Mar 8, 2013, 5:12 PM EDT
While Notre Dame will inevitably put out a press release announcing Gunner Kiel‘s departure from the football program, head coach Brian Kelly‘s words — spoken to the South Bend Tribune’s Eric Hansen before Kiel decided to transfer — said all we needed to hear about Kiel’s reported decision to leave campus and look to play football at another school.
“I don’t know what happened before we got here,” Kelly told Hansen, when speaking about the potential for a quarterback to leave school instead of take part in a five-man position race. “I know what I laid down within the program about expectations and the parameters for all positions, not just quarterback.I’m going to recruit somebody to beat you out.”
It’s not, “Get used to it.” But it’s close.
For the Irish football program, now in a new stratosphere after a Cinderella 12-1 season, competition only rises with elevated expectations. Those expectations allowed the Irish to land another blue-chip quarterback, Malik Zaire, who chose to jump into the fray knowing full well that the nation’s top QB recruit from a year earlier was there, and Everett Golson was in place to be a potential four year starter.
After years of coddling signal callers — CJ Leak holding a recruiting class ransom, Jimmy Clausen getting a quarterback coach replaced — it’s a new era at quarterback, and Kelly makes no apologies.
“If you’re a quarterback and you don’t think I’m going to bring in Malik Zaire to beat you out, then you need to transfer,” Kelly continued to Hansen. “I do it in the right way. I’m not saying it’s a callous, cold way of doing it, but my job is to continue to bring in the best fits for Notre Dame, both on and off the field. So if you’re a bit uneasy about the situation, then I welcome your transfer.
“I’ve done it since I’ve been at Grand Valley (State) that way.

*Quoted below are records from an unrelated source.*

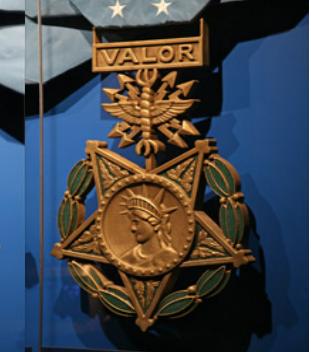
US Navy & Marines
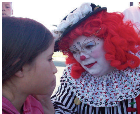
There was a lot of clowning around at last year's inaugural Wellness Festival!

This year, the Festival's sports-a-thons will be held at individual school sites the week before the festival. Details will be forthcoming at each school.
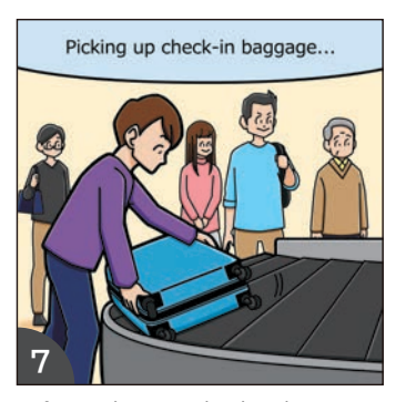
After picking up check-in baggage, you may walk to the Gate without waiting.
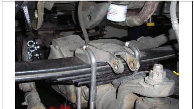
Replace spring plate with new longer U-bolts
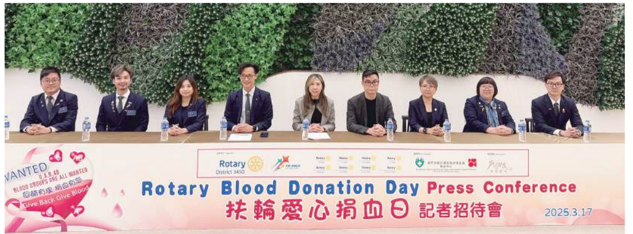
This photo shows guests attending yesterday’s press conference at NOVA Mall in Taipa.

The Rotary Blood Donation Day is slated to take place from 12 p.m. to 6 p.m. at Nova Mall on Saturday. ■
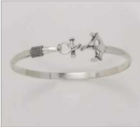
BG110990AT WT: 10.6 gm

Try to continue that competition within the ranks, because the guys that crack are the ones you want to crack. I can tell you if the program’s humming and it’s doing it the right way, you’re going to have some transfers, because you’re building competition within the ranks.
“And it’s always going to be that way.”
Quarterbacks transferring to other schools for playing time isn’t anything new. The list at Notre Dame alone since the Holtz era, as Hansen notes, features just as many signal-callers that came and left than stayed in South Bend, and only three played their entire career at the position.

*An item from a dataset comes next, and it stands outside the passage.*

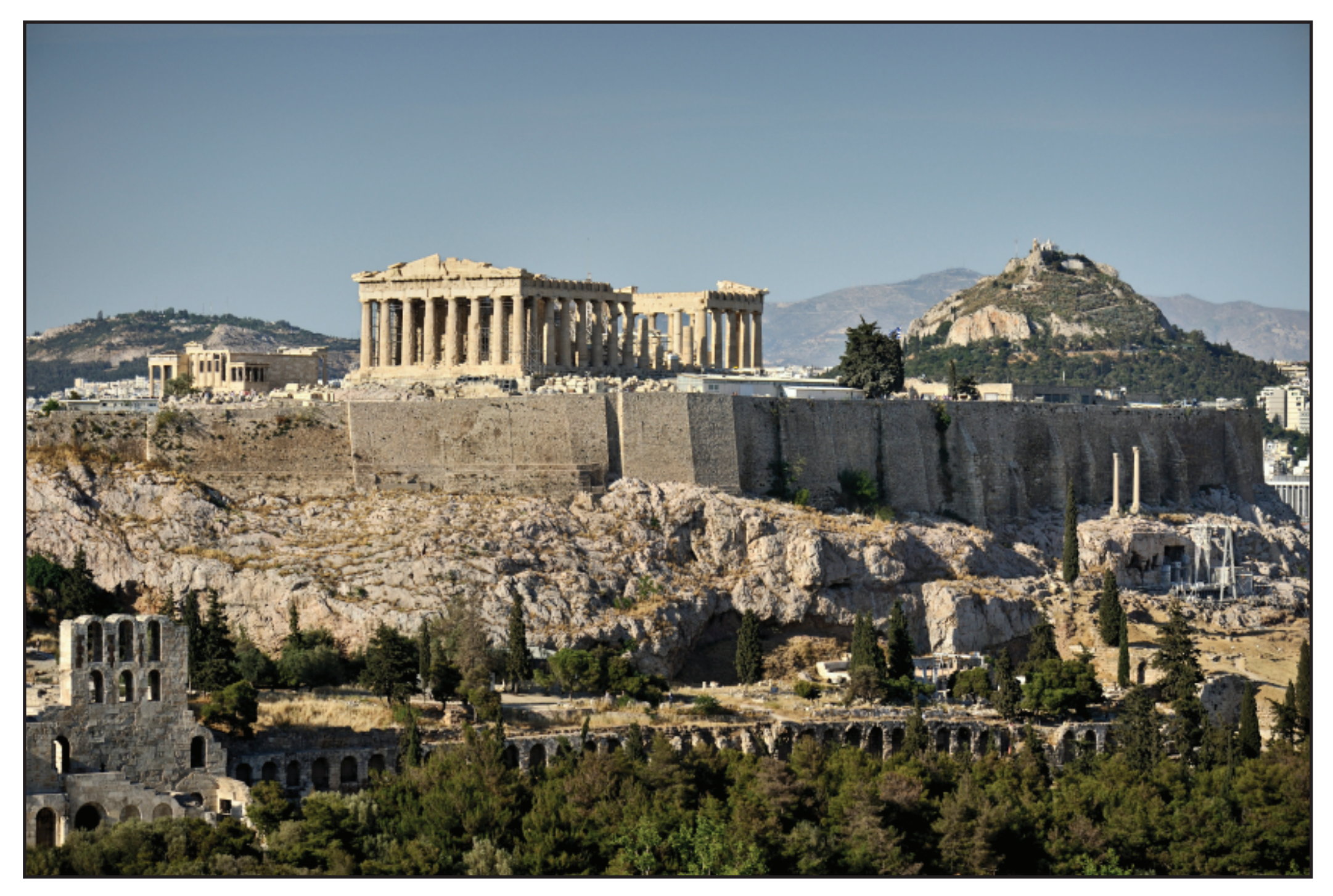
The Acropolis, Athens, GREECE

For Kiel, there’s every reason to believe he’s still got a bright future — just look at the NFL’s highest paid quarterback Joe Flacco, who left Pitt to get out from behind Tyler Palko and ended up at Delaware before making a pretty good living with the Baltimore Ravens.
But if you expect this to change Kelly and his offensive staff’s plan for recruiting quarterbacks, think again.